### Material provided

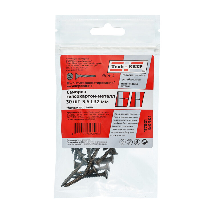 Саморезы гипрок-металл 3,5*32 (30шт)-пакет Tech-Krep
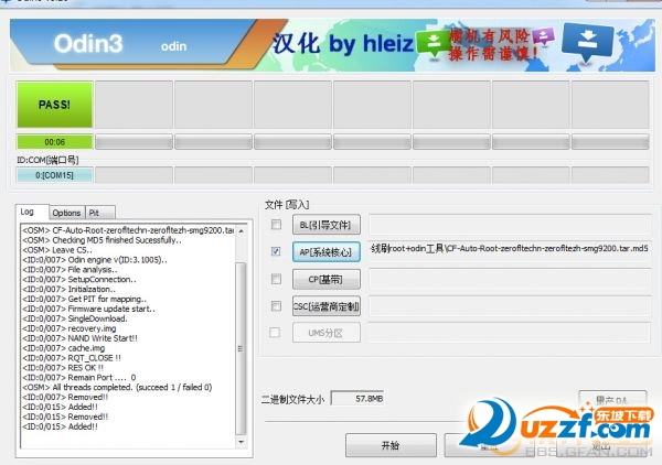 打开odin文件(ap选项打勾)选对应的线刷root,点开始等手机重启。如无限重启请双清(之前自己备份好资料)
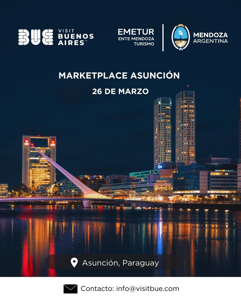 ASUNCIÓN, MARZO 2026 – En un esfuerzo conjunto por consolidar el liderazgo de los destinos argentinos en la región, Visit Buenos Aires y el Ente Mendoza Turismo (EMETUR) aterrizarán en Paraguay el próximo 26 de marzo . Ambas entidades llevarán a cabo un innovador “Marketplace” diseñado para fortalecer los lazos comerciales con el comercio turístico paraguayo.

### Problem statement
Write the listing out a second time exactly, dropping all images.

### Problem solution
 Саморезы гипрок-металл 3,5*32 (30шт)-пакет Tech-Krep
 打开odin文件(ap选项打勾)选对应的线刷root,点开始等手机重启。如无限重启请双清(之前自己备份好资料)
 ASUNCIÓN, MARZO 2026 – En un esfuerzo conjunto por consolidar el liderazgo de los destinos argentinos en la región, Visit Buenos Aires y el Ente Mendoza Turismo (EMETUR) aterrizarán en Paraguay el próximo 26 de marzo . Ambas entidades llevarán a cabo un innovador “Marketplace” diseñado para fortalecer los lazos comerciales con el comercio turístico paraguayo.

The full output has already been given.